In this case, it's not going to apply declare target to it unfortunately, as it's not a function or a call, it's I suppose effectively a builtin at this point, until it's lowered. In theory, you could extend the pass to support marking of these I imagine, or look at it as falling under something defined in another compilation unit e.g. some kind of library.

However, in either case, from my current understanding, I believe it's a non-issue. The function filtering pass will execute immediately after this and provided the function it exists in, in this example. mysin survives the culling, it will just be lowered as normal with no other affects at the moment, so the math.sin function would just go through it's regular lowering, and if it happens to spawn a new function, then that's fine, it will not be harmed or go through any other alterations other than regular lowering.

agozillon updated this revision to Diff 539616.Jul 12 2023, 9:55 AM
  • Pass name change
  • remove omp from test
  • rename other tests I've added with similar omp prefix
  • tidy up test as suggested
agozillon added a comment.EditedJul 12 2023, 9:56 AM

Applied reviewer nits in the last series of commits and also removed omp- prefix from previous tests I wrote and added the prefix to while I was there, just to keep consistency.

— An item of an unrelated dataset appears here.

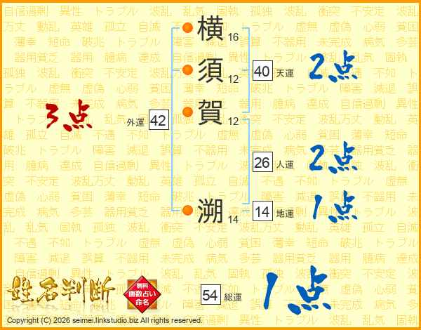 生活面を象徴する運勢です。外部から受ける影響力を表し、結婚運、家庭運や職場、環境への順応性を表します。総運から人運を引いた画数。姓や名が1文字の場合を除く。
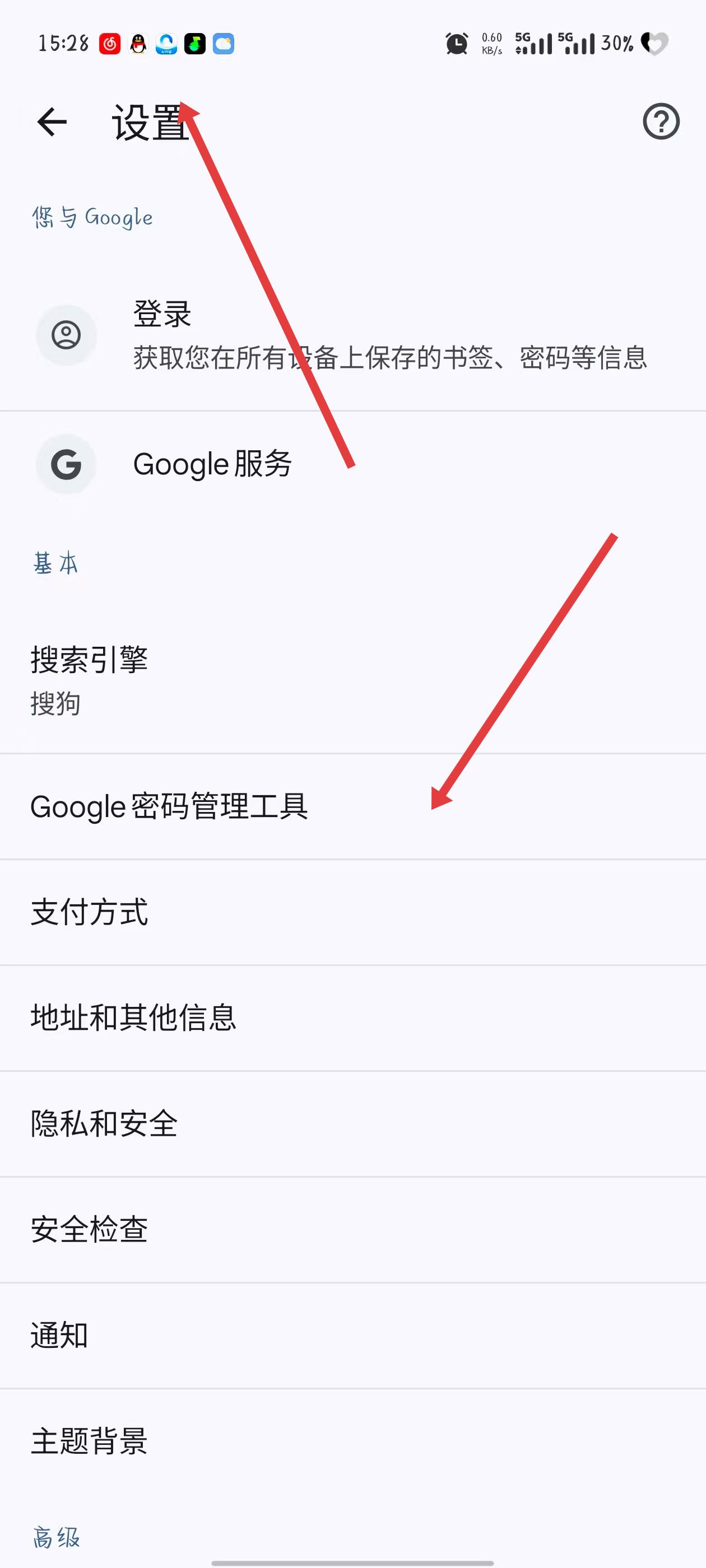 1、打開谷歌瀏覽器設置,點擊Google密碼管理工具。

However, in either case, from my current understanding, I believe it's a non-issue. The function filtering pass will execute immediately after this and provided the function it exists in, in this example. mysin survives the culling, it will just be lowered as normal with no other affects at the moment, so the math.sin function would just go through it's regular lowering, and if it happens to spawn a new function, then that's fine, it will not be harmed or go through any other alterations other than regular lowering.

When it is written as different passes, there is no guarantee that these passes will be invoked one after the other. In Flang we can probably control this. Would combining the marking and erasing passes be better? Are there any other uses for having these declare target attributes? From your existing reply, i am assuming that is the only use.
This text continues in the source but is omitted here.